= Donald L. Drakeman =

American businessman and academic

Donald Lee Drakeman is an American entrepreneur, venture capitalist, business executive, academic, and scholar based in South Carolina.

He has since 2007 been a venture partner in Advent Venture Partners, a venture capital firm based in London, in connection with which he is a member of the firm's life sciences Team. At the same time he is a Distinguished Research Professor in the Center for Citizenship and Constitutional Government at the University of Notre Dame as well as a Fellow in Health Management of the Judge Business School at Cambridge University, where he is a member of the Operations and Technology Management Subject Group and associated with the Cambridge Centre for Health Leadership & Enterprise. He is in addition the Chairman of the advisory council of the James Madison Program in American Ideals and Institutions at Princeton University, where he was for many years a member of the faculty and taught lecture courses and seminars on civil liberties and the United States Constitution.

His book Church, State, and Original Intent, which concerns the Establishment Clause of the First Amendment to the United States Constitution, was published by Cambridge University Press in 2010. In 2015 Palgrave Macmillan published Why We Need the Humanities, which focuses on the relation of the humanities to the life sciences and to civil liberties. In 2021 Cambridge University Press published The Hollow Core of Constitutional Theory: Why We Need the Framers, which defends the idea that the intentions of the Framers ought to have a central role in constitutional interpretation. He is also one of the authors of From Breakthrough to Blockbuster: The Business of Biotechnology, which was published in 2022 by Oxford University Press.
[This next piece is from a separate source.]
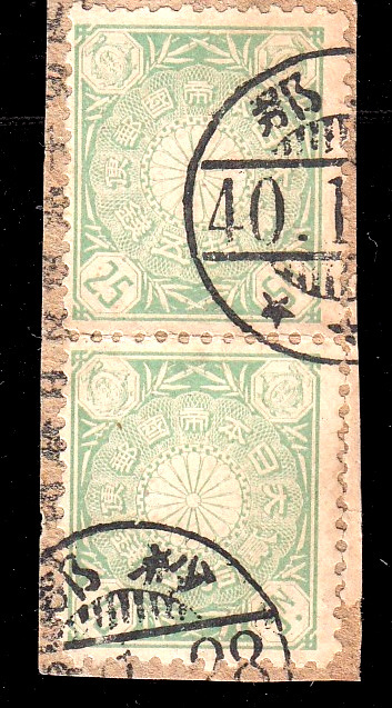 - 菊切手25銭縦ペア 千島紗那三つ星消印

He was educated at Dartmouth College (AB magna cum laude), Columbia Law School (JD Harlan Fiske Stone Scholar), and Princeton University (MA, PhD in Religion).
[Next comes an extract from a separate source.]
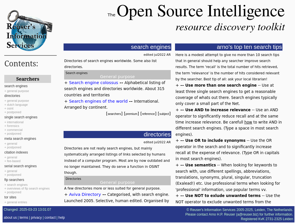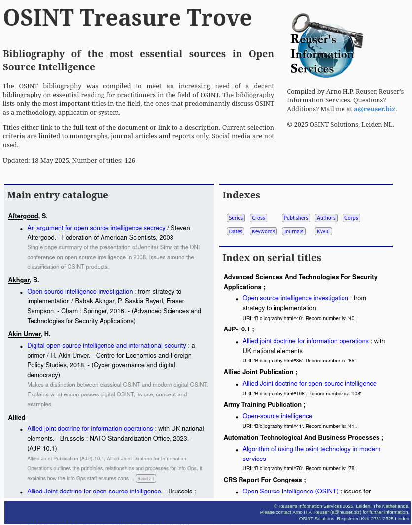 Key to any OSINT research is to know your sources. The toolkit started with the list of reference works issued at the library academy in the 80ies of the previous century, then grew via floppy disc, diskette, simple text files, XML to a product of a MySQL database.

A resident of Montclair, New Jersey, he was appointed in 1994 as chair of the township's zoning board of adjustment.

In the early stages of his career he worked as an attorney at Milbank, Tweed, Hadley & McCloy and was the vice-president of the Essex Chemical Corporation. He is best known as the co-founder of two biotechnology companies, Medarex Inc. and Genmab A/S, both of which develop drugs used in monoclonal antibody therapy. During his tenure as the founding CEO of Medarex, the company raised more than a billion dollars, entered into alliances with many other pharmaceutical companies, and spun off Genmab, which subsequently completed the largest biotechnology IPO in the history of European capital markets up to the time of the offering. He was an Ernst & Young Entrepreneur of the Year in 2005.
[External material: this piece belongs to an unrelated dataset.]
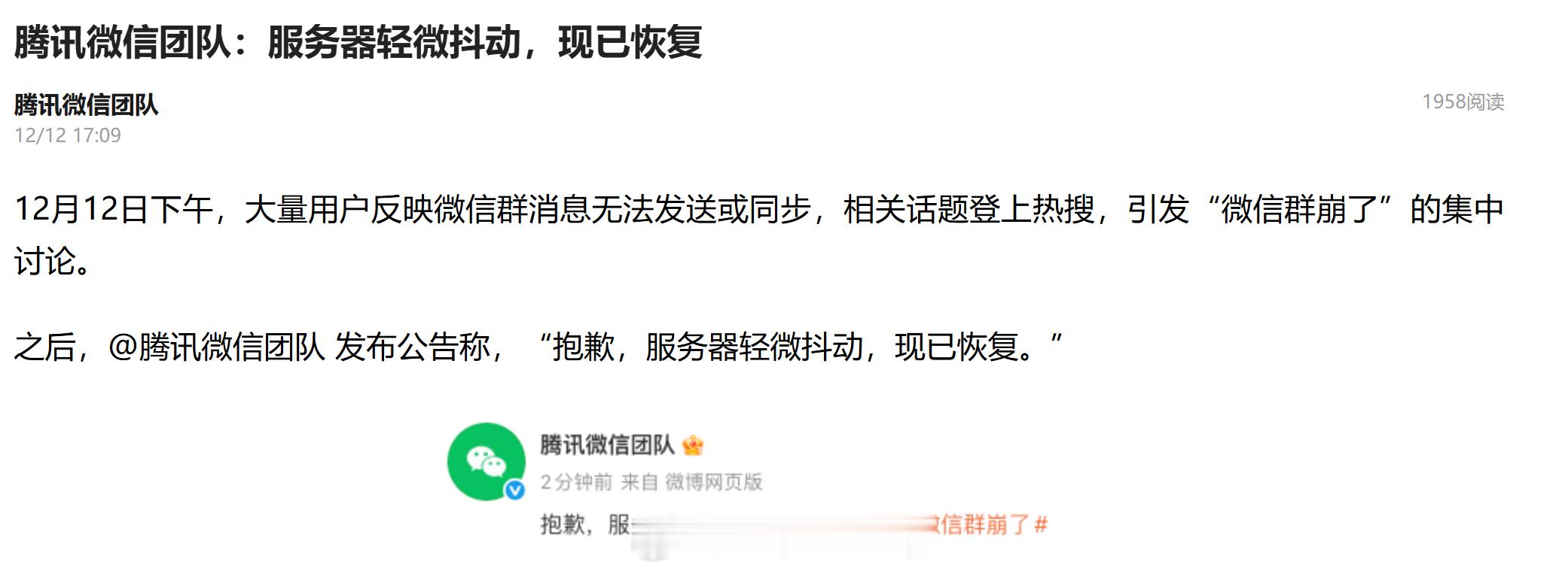 微信群崩了 服务器轻微抖动,腾讯微信团队回复很有意思哈哈哈哈。你们下午微信群

He serves as a Trustee of Drew University, a Visitor of Ralston College, a member of the Board of Advisors of the Rutgers Business School, and formerly served as a Trustee of the Woodrow Wilson National Fellowship Foundation and of the University of Charleston. He is also a member of the editorial board of the journal mAbs. He was formerly the Chairman of the New Jersey Commission on Science and Technology, and has served on the boards of several companies, including Oxford Glycosciences, IDM-Pharma, and Mannkind. He continues to be a Director of Zymeworks Inc. He is in addition a Fellow of the Royal Society of Biology, the Royal Historical Society, and of the Burgon Society.